3) Look closer at specific medically relevant genes. I know this is looking under the flashlight, but the most knowledge and anything actionable would probably be in this set. I’d also look specifically into family issues (like that allergy/eczema stuff I found in my 23andMe data) and try to learn things there.

But I also thought I’d like to know what some of my peers in bioinformatics/genomics would do. As you may know if you follow this blog, we participate in discussions at BioStar. The participants here are active in genomics research around the world, and they are super-users of the tools of art in this field. Who better to ask? So I posted a question asking what they would do with their personal genome sequence. I offered my skeletal workflow as an example, and expected some thoughts on what they would do.

What would you do with your personal genome data? is my question over there.

To my surprise, the top rated answer at this time says this:

I may be in minority but I’ll say this: right now I simply don’t want to know – Did you ever notice how genomic variation never correlates with good news. It seems there is only bad news. There are no SNPs for happiness, friendship or love….

Um. Ok. That’s one way to approach this. I was surprised, really–I didn’t expect the question to become philosophical. I really wanted a workflow.

For most of the weekend the second rated answer was this:

Whatever you do with it should be up to you to decide, use it for your personalized medicine if you wish. So my sole recommendation is: Keep the data private and well protected and encrypted! Decide in an informed way, whom you grant access to them….

There were real concerns about the security and misuse of this data.

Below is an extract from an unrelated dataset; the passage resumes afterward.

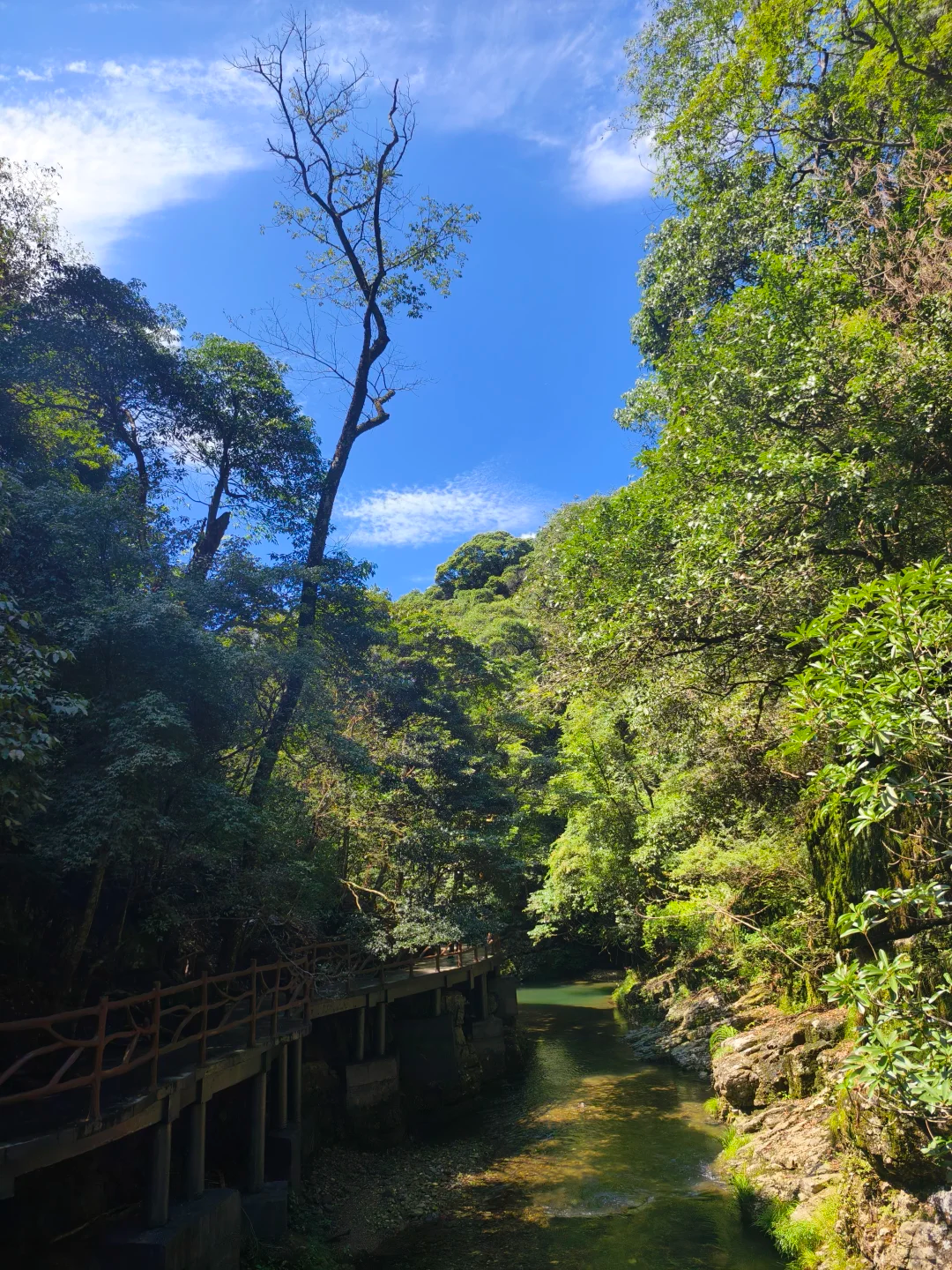 这里拥有华东最后的原始森林,像是山的博物馆。牯牛降的溪水倒映着原始森林的翠绿,美到了机制。

There are a couple of other interesting answers as well. I have to say it was fascinating. It wasn’t what I expected–but it was illuminating for me. I haven’t always been the most enthusiastic participant in the personal genomics debate, as I have real concerns about security and misuse of the information, and the current utility. But it’s certainly coming whether we are ready or not, and I really wanted to know what people would do with it in a concrete way if they had it. And I thought bioinformatics/genomics professionals would have the best leads on this.

“right now I simply don’t want to know”

I’m considering adding a bounty to my question over there. You can add some of your own points to the question for encouragement to obtain an answer. And I’ll still be the highest ranked identified female over there–so I can afford the points.

If you have some thoughts and want to join BioStar, and if you give me a decent workflow, I may award the points to you!  Anyone? Bueller? Bueller? Anyone?